┌─ Given information
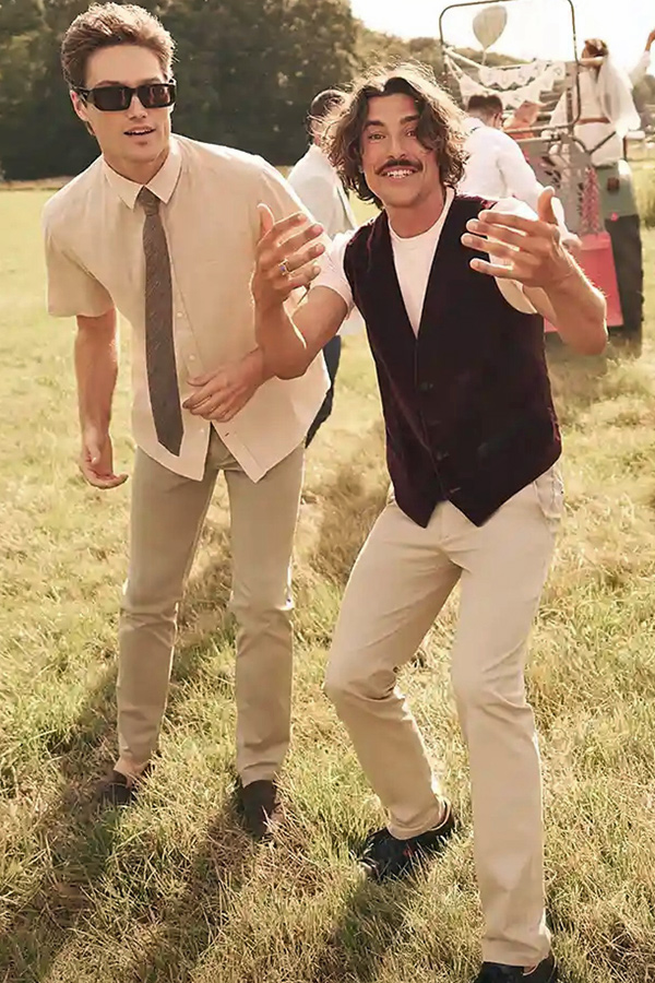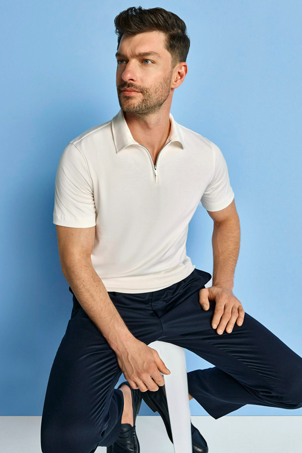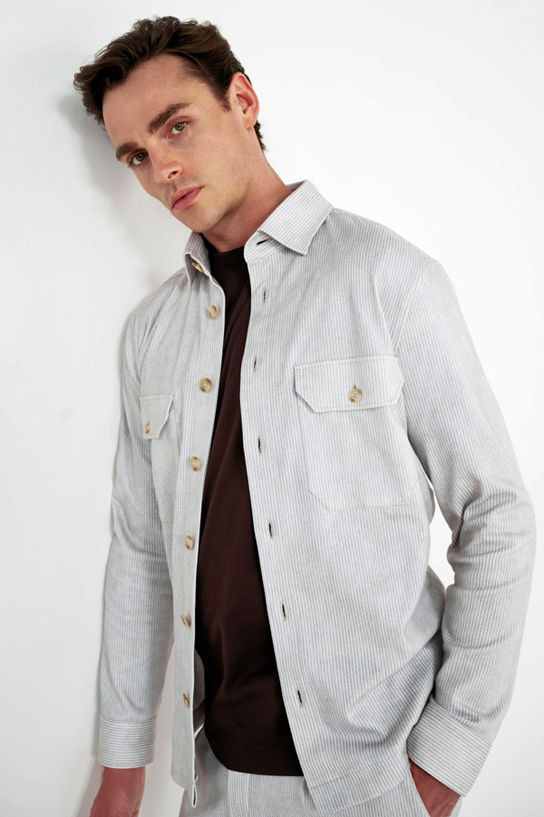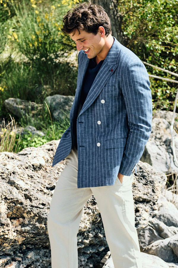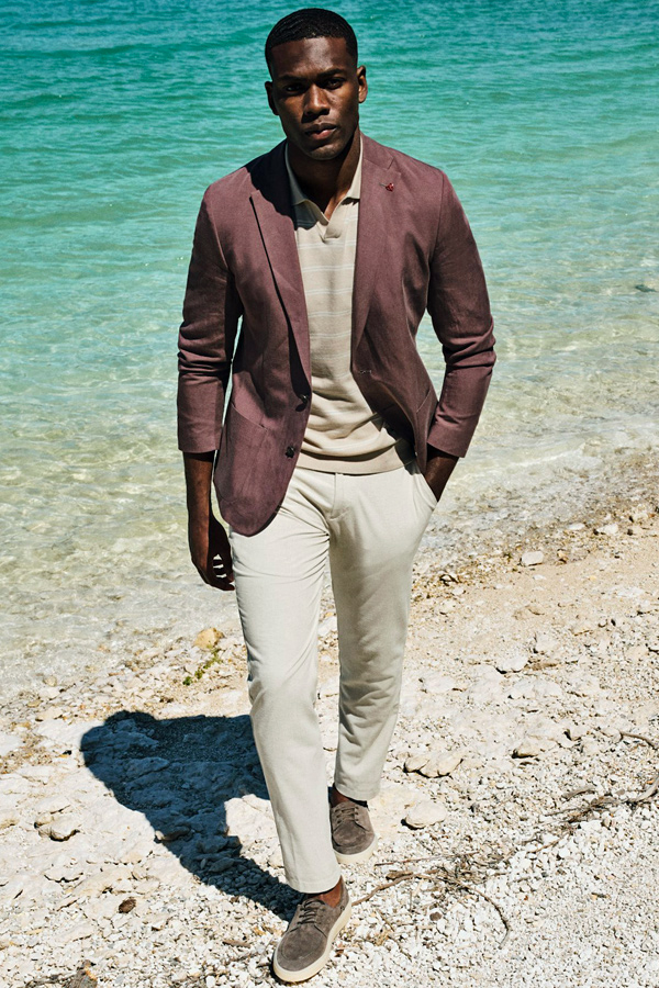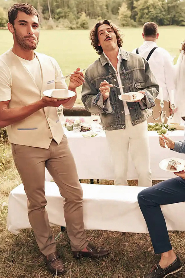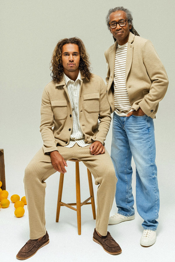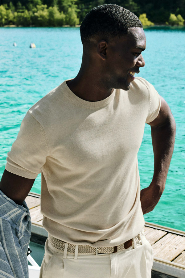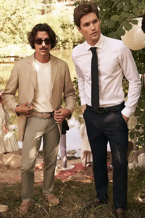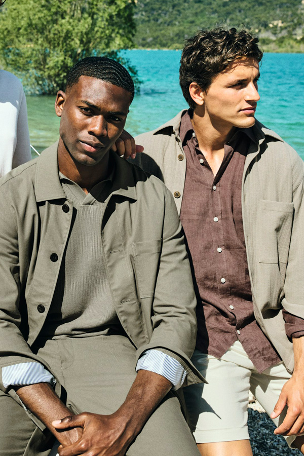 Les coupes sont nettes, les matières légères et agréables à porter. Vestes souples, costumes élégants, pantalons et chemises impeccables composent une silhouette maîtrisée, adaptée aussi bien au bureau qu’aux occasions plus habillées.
└─
┌─ Given information
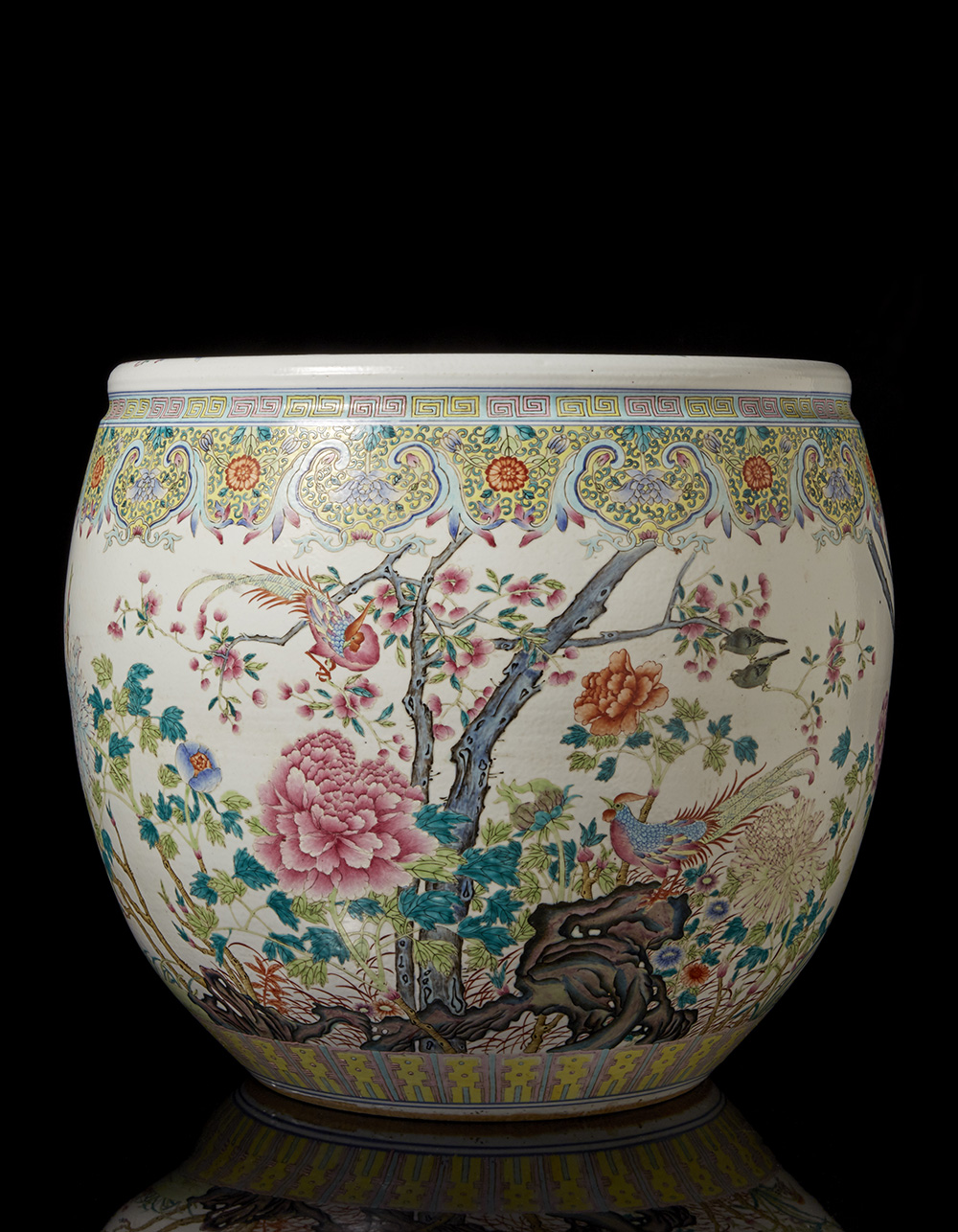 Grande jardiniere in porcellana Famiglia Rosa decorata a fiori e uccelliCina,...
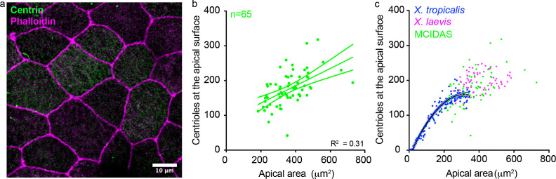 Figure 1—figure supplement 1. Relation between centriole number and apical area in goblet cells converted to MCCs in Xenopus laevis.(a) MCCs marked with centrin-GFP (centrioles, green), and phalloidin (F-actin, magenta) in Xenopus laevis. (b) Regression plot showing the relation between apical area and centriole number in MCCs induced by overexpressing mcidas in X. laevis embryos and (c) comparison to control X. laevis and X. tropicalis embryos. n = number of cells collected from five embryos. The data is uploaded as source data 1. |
└─
┌─ Given information
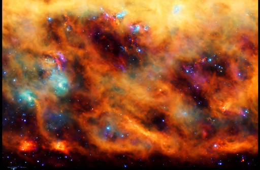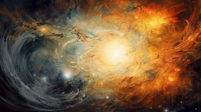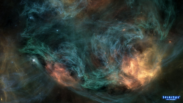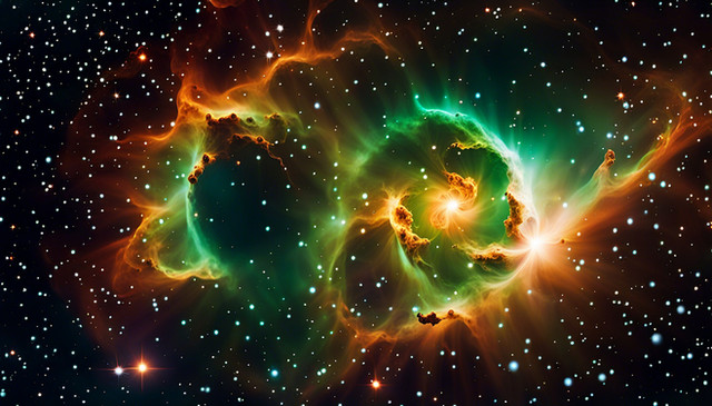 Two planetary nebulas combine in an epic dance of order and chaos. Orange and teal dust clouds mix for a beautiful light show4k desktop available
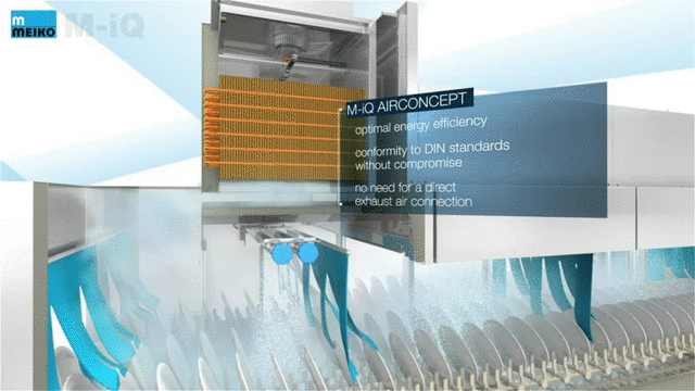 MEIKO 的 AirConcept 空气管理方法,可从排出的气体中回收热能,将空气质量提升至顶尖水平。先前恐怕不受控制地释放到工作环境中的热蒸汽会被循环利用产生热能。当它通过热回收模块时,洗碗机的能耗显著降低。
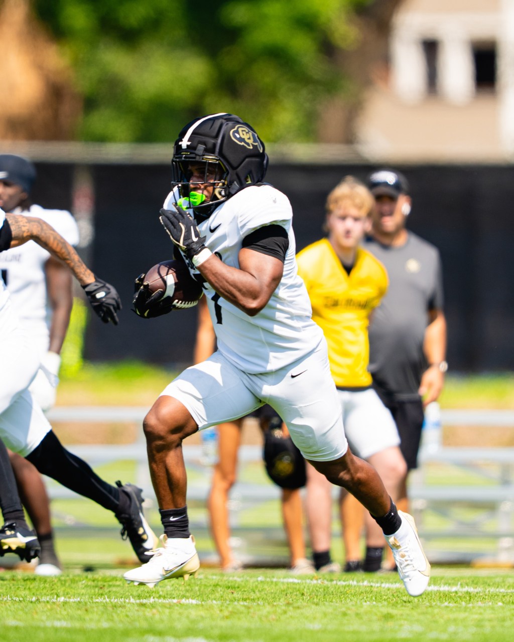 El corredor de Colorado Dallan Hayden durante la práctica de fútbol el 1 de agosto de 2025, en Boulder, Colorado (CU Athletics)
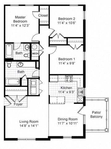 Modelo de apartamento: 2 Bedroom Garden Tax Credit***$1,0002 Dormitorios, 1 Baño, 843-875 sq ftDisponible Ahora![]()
└─
_The problem:_
Looking at the listing above, which lines run from the one containing "Grande jardiniere in" through the one containing "Figure 1—figure supplement"? Print exactly those, ends included, pictures excluded.

_Reply:_
 Grande jardiniere in porcellana Famiglia Rosa decorata a fiori e uccelliCina,...
 Figure 1—figure supplement 1. Relation between centriole number and apical area in goblet cells converted to MCCs in Xenopus laevis.(a) MCCs marked with centrin-GFP (centrioles, green), and phalloidin (F-actin, magenta) in Xenopus laevis. (b) Regression plot showing the relation between apical area and centriole number in MCCs induced by overexpressing mcidas in X. laevis embryos and (c) comparison to control X. laevis and X. tropicalis embryos. n = number of cells collected from five embryos. The data is uploaded as source data 1. |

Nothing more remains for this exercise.